Many dieticians recommend this to their clients who are on a weight-loss plan. It a simple way to help you when you maintain the ideal portion when you are not able to measure everything that you are having. In this rule, half of your plate is filled with veggies and fruits and the other half consists of proteins and whole grains. Following this will ensure fewer calories even when you are not counting them.

Never avoid your meals

It is a not rocket science that you tend to overeat when on an empty stomach. So, don't starve yourself if you want to shed those extra kilos. Instead, maintain a healthy gap between your meals. This is a good way of controlling your portions. Experts in the field of nutrition recommend that you should eat foods rich in fibre, protein and healthy fats at regular intervals to keep you satiated and prevent overeating.

Buy small-sized containers for your snacks

This is a good trick to prevent going overboard on them and restricting your calorie count while you are on a weight loss mission. Make sure that you only keep a few of your snack boxes within your reach. The rest should be at a slightly difficult location.

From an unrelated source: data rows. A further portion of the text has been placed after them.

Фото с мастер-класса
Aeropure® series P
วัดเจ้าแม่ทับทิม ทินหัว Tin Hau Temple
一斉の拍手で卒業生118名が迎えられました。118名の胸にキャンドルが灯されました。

Avoid eating at a restaurant

When you are on a weight loss mission, it is recommended that you should stick to home-made food. However, if you can't resist your favourite restaurant fare on a particular day, pack it home and instead of having it there. Wondering why? Well, while eating out, you may end up having larger portions, suggests a study published in Journal of the Academy of Nutrition and Dietetics. After bringing the food home, divide each item in multiple small-sized containers before you start gorging on them. As you lay the table, make sure that you bring only one container for each item. Exception can be made for the ones containing veggies.

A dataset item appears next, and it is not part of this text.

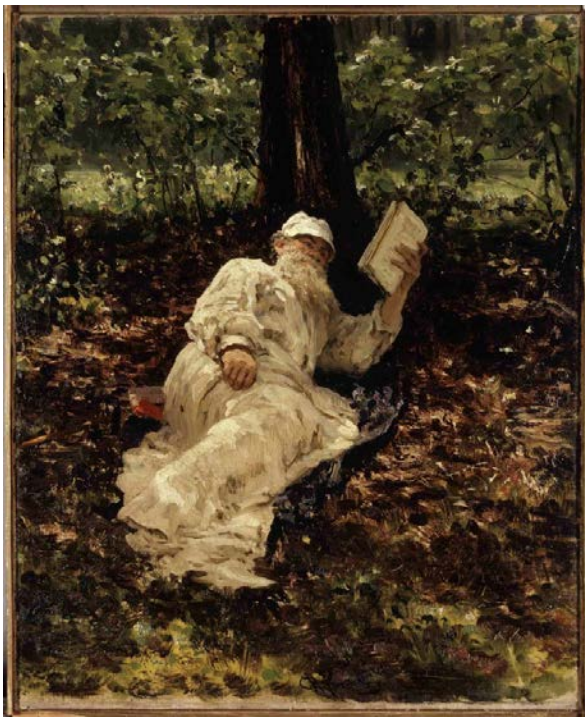
9.Irudia. Tolstoi Basoan (1891)

Oso berezia da Lev Tolstoi goldatzen (1887) (8.irudia) margolana. Eguzki kiskalgarri baten pean aristokrata nekazariz jantzita goldatzen azaltzen da. Repinek muskuluz beteriko gorputz handi eta indartsua erakusten digu. Paradoxa berezia azaleratzen zaigu erretratatuaren eta artistaren artean, biek jaiotzez tokatu zitzairen bizitzatik ihes egin nahi baitzuten 59 . Aristokrata lurra lantzen azaltzen zaigun bitartean, nekazaria ospe handidun margolari kosmopolita bilakatu zen. Tolstoi basoan (1891) (9.irudia) lana idazlearen bizitza ez ortodoxoaren isla dugu. Honetan, baso bateko zuhaizpean, zuriz jantzita, lurrean etzanda irakurtzen agertzen zaigu Tolstoi. Erakargarritasun estetikorik gabea dugu, argi-ilunekin jolasten du artistak, inpresionismoa hurbiltzen da, non idazleak eta naturak bat egiten duten.

Use utensils with measurements

Measuring cups and scales are good options when you are trying to control your portions. This way, you have an idea of how much you are actually putting into your mouth. Knowing this is extremely important to keep your calorie count in check. Stop using these equipment once you become a pro at figuring out the measurement of a serving size.

Read the food label for caloriecount

When you buy packaged food, don't forget to check the calorie count per serving and the serving size as well. This will help you make the right decision about how much you can put in your mouth.

Take time to eat

When you eat your meal quickly, the possibility of you missing your fullness cues increases significantly. On the other hand, when you eat slowly, it's easier for you to figure out that you, don't actually need that extra bite. Also, going slow will allow you to pay more attention to what you are eating and enjoy it better.

Increase your protein intake

If you feel the urge of regularly eating snacks throughout the day, it could be due to the lack of protein in your diet. As per the findings of several studies, a low-protein diet can increase your hunger significantly and one particular study conducted at the University of Sydney revealed that people who consumed less protein consumed 12 per cent more calories than those who included protein in their diet.